--- What to do ---
Using the entries below, copy exactly each line from the line with "DARBO SKELBIMAS SOCIALINIO" up to and including the line with "Ajax Teknik Direktörü", with every picture left out.

--- Given information ---
********************

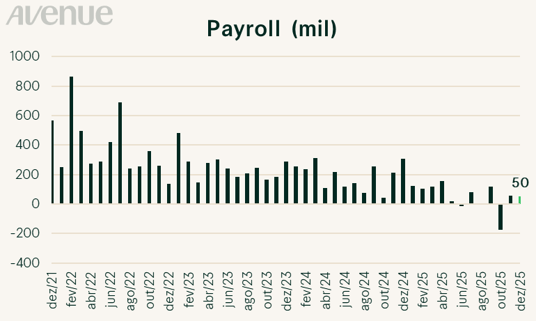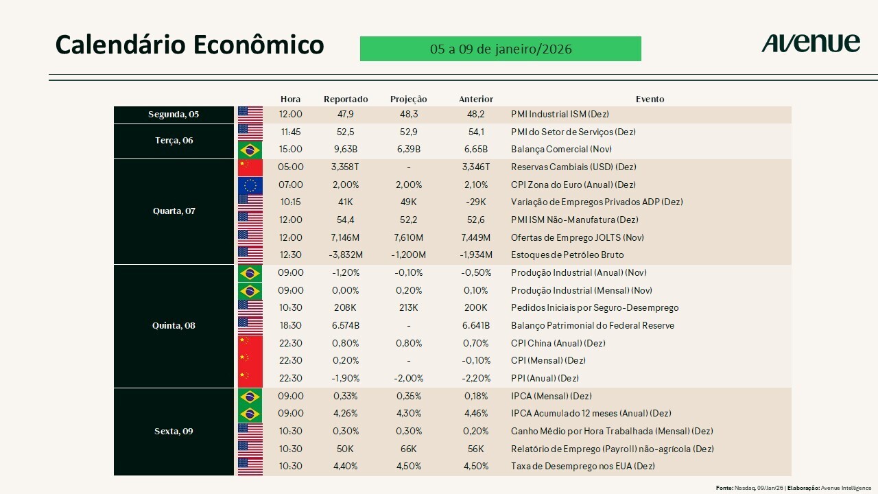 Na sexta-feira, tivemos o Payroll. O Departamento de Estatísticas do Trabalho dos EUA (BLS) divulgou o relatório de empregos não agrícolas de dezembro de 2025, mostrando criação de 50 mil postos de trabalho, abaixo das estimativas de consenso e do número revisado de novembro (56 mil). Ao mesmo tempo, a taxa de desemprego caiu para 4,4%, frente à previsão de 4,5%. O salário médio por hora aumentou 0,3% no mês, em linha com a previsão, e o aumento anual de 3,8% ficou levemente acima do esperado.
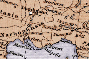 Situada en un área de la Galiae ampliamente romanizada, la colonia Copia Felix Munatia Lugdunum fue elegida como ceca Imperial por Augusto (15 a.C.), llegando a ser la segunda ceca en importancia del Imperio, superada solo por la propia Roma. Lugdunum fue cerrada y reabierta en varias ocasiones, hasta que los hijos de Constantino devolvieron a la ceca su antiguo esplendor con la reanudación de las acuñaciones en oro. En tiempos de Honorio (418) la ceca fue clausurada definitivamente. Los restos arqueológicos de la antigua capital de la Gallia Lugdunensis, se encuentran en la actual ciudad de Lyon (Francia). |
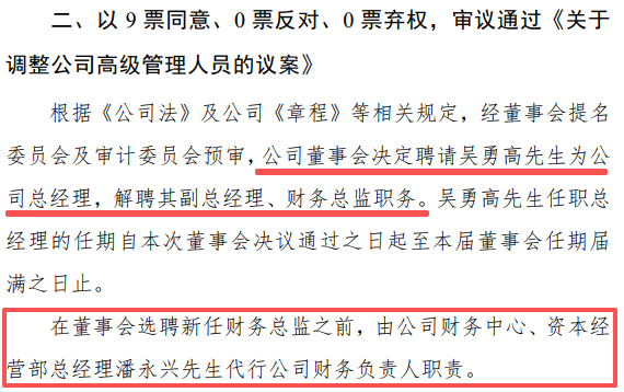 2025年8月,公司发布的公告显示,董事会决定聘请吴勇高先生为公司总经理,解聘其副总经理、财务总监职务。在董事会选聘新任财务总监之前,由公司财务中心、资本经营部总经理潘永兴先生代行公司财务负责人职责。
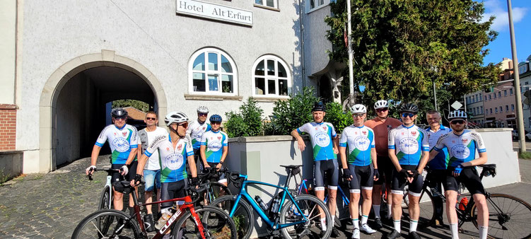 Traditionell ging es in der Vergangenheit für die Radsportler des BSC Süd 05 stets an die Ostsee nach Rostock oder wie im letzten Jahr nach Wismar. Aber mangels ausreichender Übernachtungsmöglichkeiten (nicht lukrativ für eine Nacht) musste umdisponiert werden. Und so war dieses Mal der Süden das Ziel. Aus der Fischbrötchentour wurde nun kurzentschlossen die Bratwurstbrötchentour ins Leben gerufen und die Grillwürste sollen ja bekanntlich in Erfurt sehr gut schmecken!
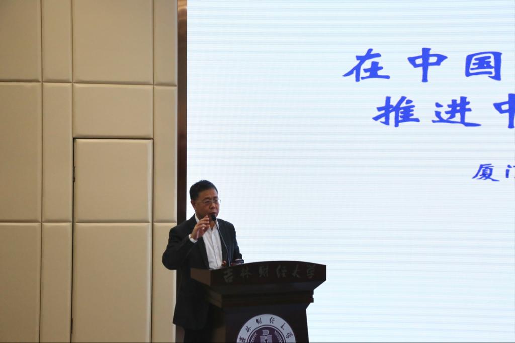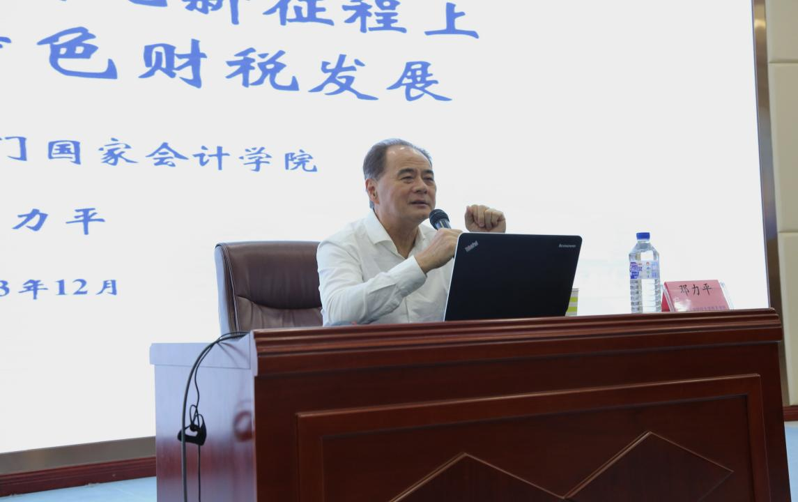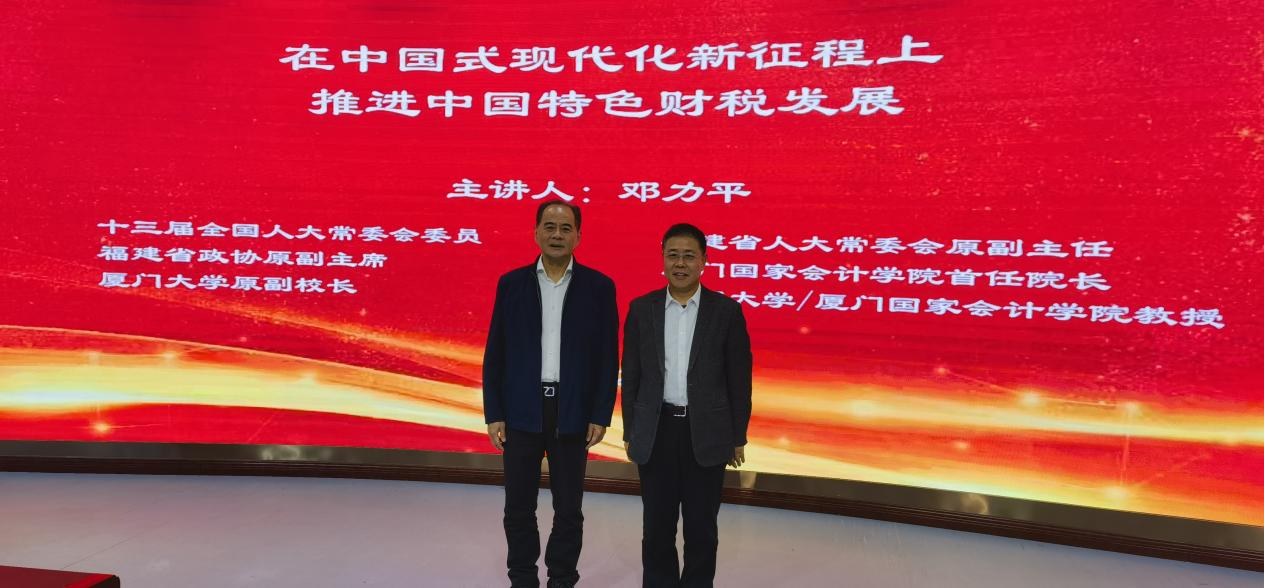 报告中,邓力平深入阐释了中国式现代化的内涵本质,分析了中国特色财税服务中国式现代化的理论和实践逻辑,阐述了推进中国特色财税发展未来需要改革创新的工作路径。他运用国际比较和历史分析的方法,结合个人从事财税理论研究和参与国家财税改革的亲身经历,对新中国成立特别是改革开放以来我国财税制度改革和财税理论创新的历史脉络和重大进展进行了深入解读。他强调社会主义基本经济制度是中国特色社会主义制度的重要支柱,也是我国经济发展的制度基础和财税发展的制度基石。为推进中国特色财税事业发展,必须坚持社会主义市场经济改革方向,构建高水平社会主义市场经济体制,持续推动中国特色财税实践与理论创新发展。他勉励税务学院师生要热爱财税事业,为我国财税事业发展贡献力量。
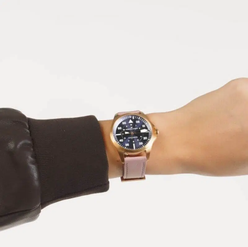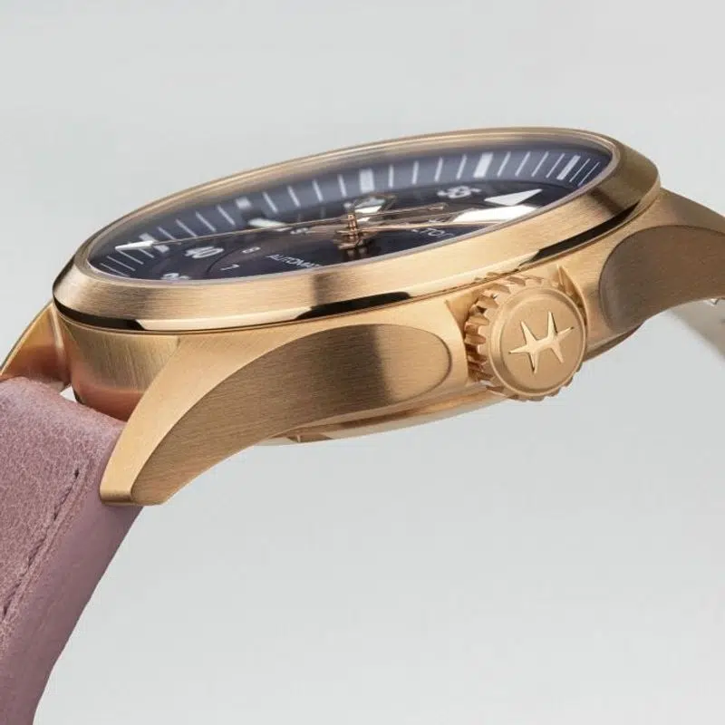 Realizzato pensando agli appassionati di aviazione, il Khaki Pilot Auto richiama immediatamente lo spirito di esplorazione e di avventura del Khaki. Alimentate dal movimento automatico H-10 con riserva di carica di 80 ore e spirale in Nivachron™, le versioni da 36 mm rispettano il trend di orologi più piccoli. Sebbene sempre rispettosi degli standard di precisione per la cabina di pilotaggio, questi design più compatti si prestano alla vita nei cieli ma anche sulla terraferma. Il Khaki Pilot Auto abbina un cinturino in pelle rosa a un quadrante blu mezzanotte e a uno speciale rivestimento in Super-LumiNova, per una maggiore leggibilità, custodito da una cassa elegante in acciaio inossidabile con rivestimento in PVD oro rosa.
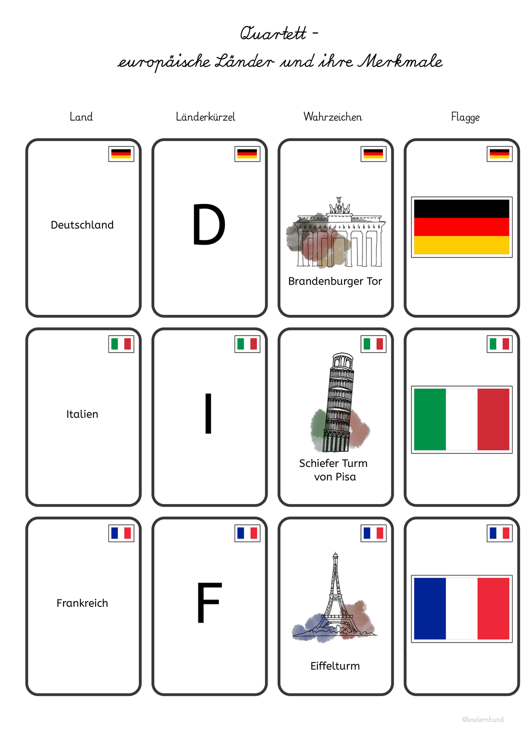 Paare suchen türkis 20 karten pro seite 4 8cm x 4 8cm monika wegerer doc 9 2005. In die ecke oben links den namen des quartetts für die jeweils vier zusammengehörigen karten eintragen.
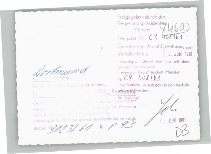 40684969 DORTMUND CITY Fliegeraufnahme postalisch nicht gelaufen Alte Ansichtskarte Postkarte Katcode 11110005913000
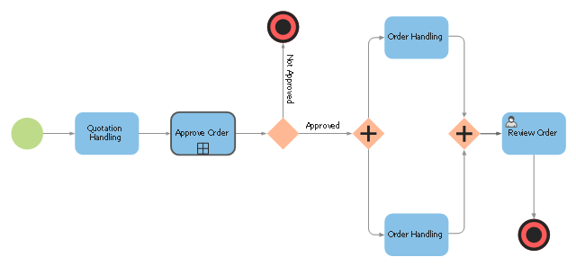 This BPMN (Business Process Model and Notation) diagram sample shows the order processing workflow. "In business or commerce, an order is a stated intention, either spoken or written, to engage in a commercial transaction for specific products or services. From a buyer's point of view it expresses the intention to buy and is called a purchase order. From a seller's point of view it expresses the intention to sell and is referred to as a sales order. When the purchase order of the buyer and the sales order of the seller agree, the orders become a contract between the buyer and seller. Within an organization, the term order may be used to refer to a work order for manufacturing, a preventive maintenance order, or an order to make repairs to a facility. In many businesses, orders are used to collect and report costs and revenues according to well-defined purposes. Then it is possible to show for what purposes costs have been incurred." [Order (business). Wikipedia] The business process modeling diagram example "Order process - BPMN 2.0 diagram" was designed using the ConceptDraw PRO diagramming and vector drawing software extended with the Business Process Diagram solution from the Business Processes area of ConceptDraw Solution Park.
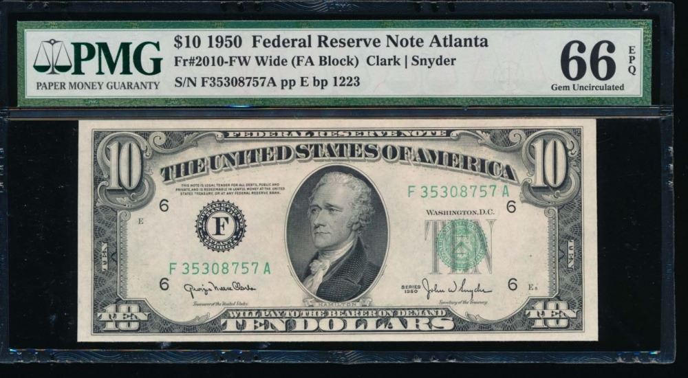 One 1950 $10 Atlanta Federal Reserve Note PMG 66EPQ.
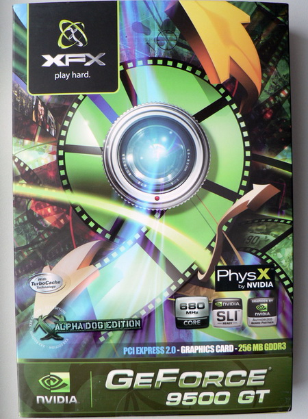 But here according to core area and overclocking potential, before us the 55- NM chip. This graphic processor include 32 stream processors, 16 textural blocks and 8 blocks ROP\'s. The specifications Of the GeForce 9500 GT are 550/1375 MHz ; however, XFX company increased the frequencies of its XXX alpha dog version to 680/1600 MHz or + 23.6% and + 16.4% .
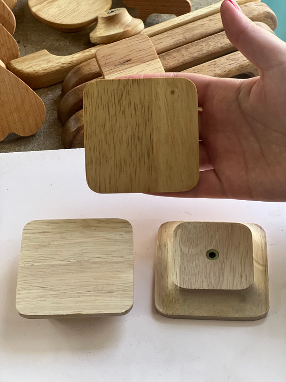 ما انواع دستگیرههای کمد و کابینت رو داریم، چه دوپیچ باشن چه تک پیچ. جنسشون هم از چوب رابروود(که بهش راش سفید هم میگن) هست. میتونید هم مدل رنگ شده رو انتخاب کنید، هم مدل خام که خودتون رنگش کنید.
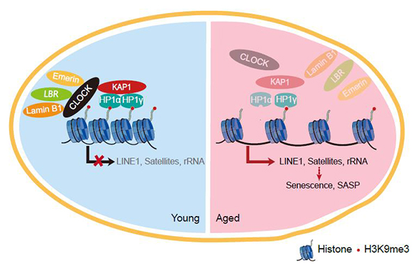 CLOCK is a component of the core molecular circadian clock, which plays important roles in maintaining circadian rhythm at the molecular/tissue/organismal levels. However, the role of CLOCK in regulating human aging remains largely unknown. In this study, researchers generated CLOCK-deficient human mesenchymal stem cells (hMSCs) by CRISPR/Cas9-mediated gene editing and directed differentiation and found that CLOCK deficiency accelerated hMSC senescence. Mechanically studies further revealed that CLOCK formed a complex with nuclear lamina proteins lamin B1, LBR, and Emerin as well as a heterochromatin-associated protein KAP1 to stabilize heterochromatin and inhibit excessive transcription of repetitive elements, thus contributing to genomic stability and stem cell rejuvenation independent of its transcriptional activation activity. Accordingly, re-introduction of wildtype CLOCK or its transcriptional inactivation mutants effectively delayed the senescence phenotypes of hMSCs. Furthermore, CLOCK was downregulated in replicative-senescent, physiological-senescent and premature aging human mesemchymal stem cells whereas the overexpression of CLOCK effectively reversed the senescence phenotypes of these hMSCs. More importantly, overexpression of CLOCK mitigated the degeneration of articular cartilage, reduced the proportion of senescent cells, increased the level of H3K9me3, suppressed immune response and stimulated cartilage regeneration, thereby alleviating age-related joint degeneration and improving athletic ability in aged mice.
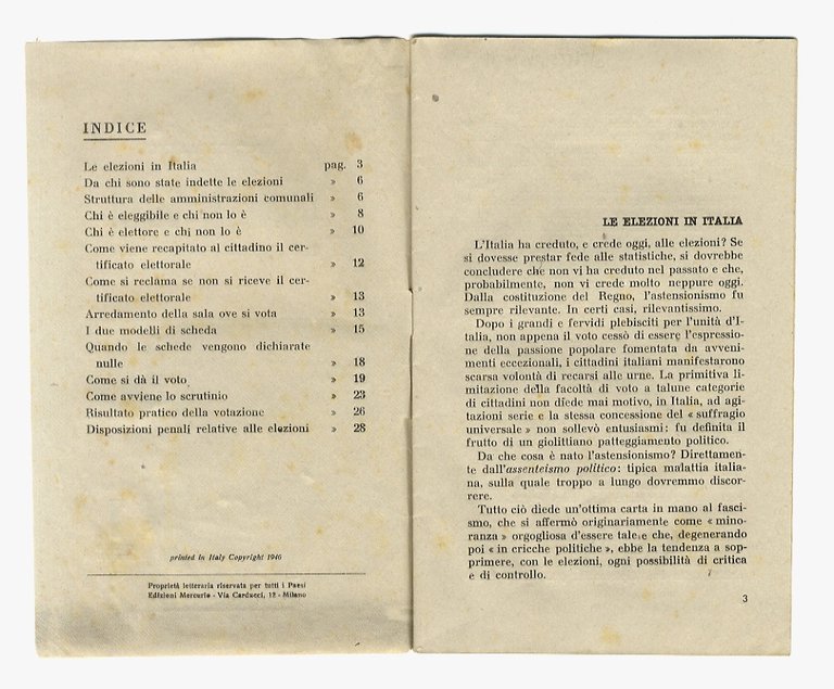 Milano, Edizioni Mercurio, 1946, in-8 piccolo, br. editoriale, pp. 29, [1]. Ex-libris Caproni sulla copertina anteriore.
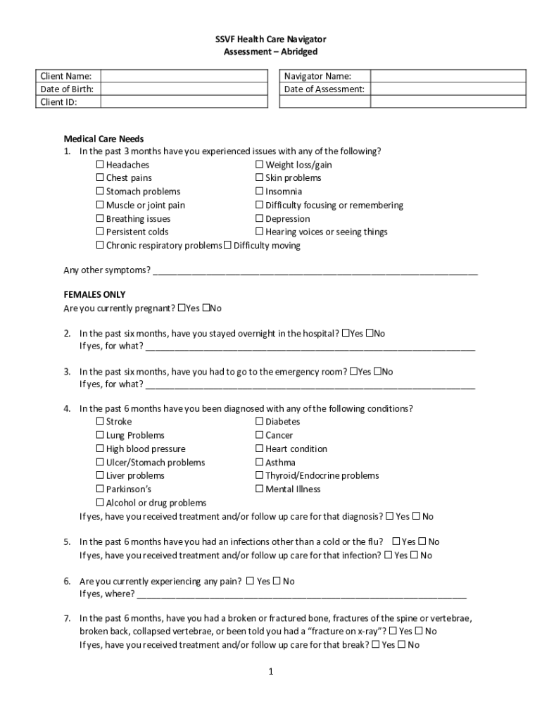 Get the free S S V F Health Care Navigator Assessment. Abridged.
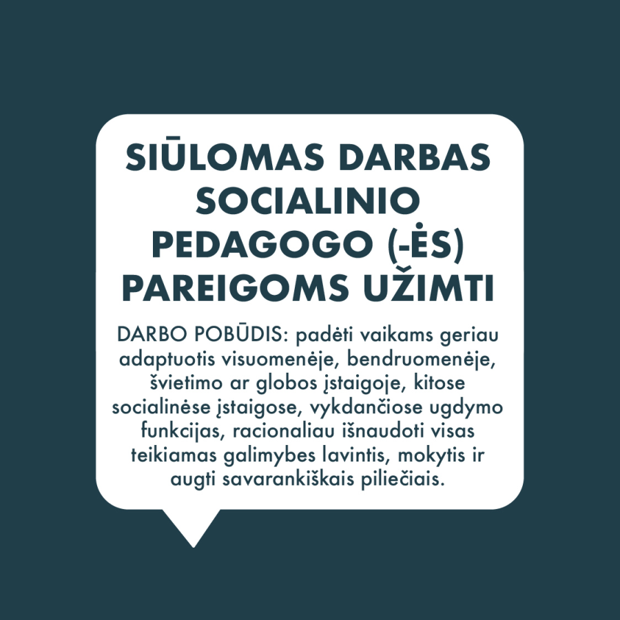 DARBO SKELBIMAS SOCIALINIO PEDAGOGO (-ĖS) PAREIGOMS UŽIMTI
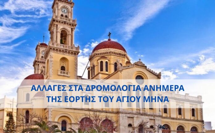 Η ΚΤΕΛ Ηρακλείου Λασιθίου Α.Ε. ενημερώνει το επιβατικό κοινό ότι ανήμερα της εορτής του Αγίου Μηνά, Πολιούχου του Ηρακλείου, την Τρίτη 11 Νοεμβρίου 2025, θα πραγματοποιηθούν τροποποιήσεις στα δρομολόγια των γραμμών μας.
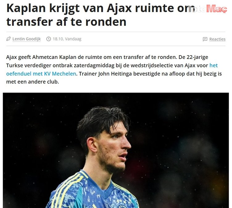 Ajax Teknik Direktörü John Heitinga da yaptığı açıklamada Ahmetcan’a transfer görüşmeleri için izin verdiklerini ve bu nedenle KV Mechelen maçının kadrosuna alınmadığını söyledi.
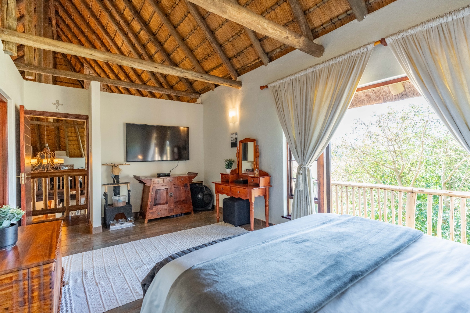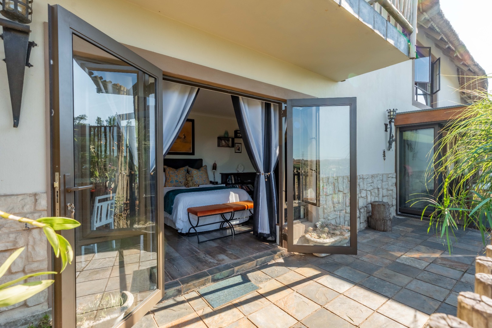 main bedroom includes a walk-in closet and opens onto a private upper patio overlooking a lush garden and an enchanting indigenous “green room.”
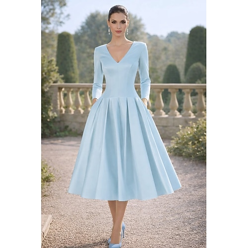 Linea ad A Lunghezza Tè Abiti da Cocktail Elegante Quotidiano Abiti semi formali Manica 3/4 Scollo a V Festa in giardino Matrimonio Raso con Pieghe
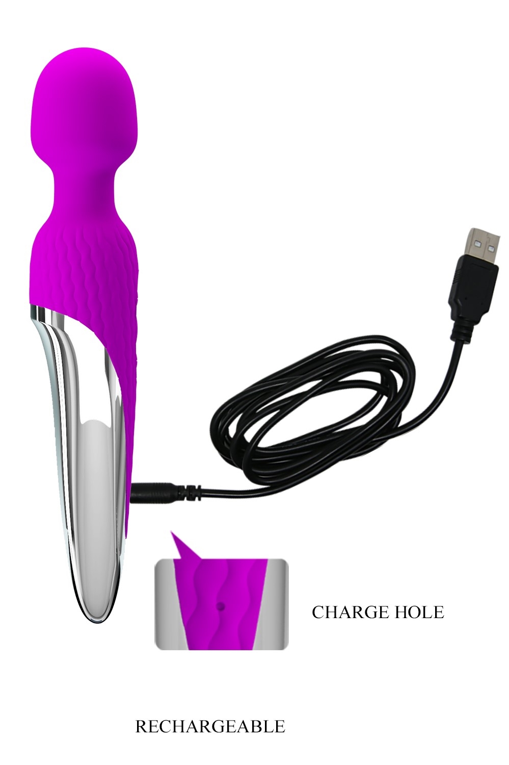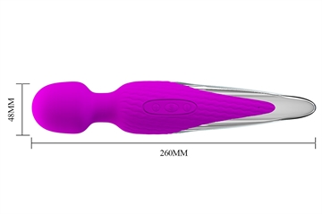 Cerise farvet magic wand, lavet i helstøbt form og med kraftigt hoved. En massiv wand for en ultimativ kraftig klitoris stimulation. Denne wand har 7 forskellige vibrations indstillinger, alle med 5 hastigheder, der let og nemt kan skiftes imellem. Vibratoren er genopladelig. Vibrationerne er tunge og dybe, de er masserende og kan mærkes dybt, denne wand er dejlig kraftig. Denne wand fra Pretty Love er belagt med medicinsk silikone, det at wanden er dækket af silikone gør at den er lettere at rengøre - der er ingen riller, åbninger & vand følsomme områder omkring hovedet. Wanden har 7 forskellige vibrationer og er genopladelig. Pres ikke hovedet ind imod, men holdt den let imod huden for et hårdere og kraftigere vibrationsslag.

********************

--- Result of the exercise ---
 DARBO SKELBIMAS SOCIALINIO PEDAGOGO (-ĖS) PAREIGOMS UŽIMTI
 Η ΚΤΕΛ Ηρακλείου Λασιθίου Α.Ε. ενημερώνει το επιβατικό κοινό ότι ανήμερα της εορτής του Αγίου Μηνά, Πολιούχου του Ηρακλείου, την Τρίτη 11 Νοεμβρίου 2025, θα πραγματοποιηθούν τροποποιήσεις στα δρομολόγια των γραμμών μας.
 Ajax Teknik Direktörü John Heitinga da yaptığı açıklamada Ahmetcan’a transfer görüşmeleri için izin verdiklerini ve bu nedenle KV Mechelen maçının kadrosuna alınmadığını söyledi.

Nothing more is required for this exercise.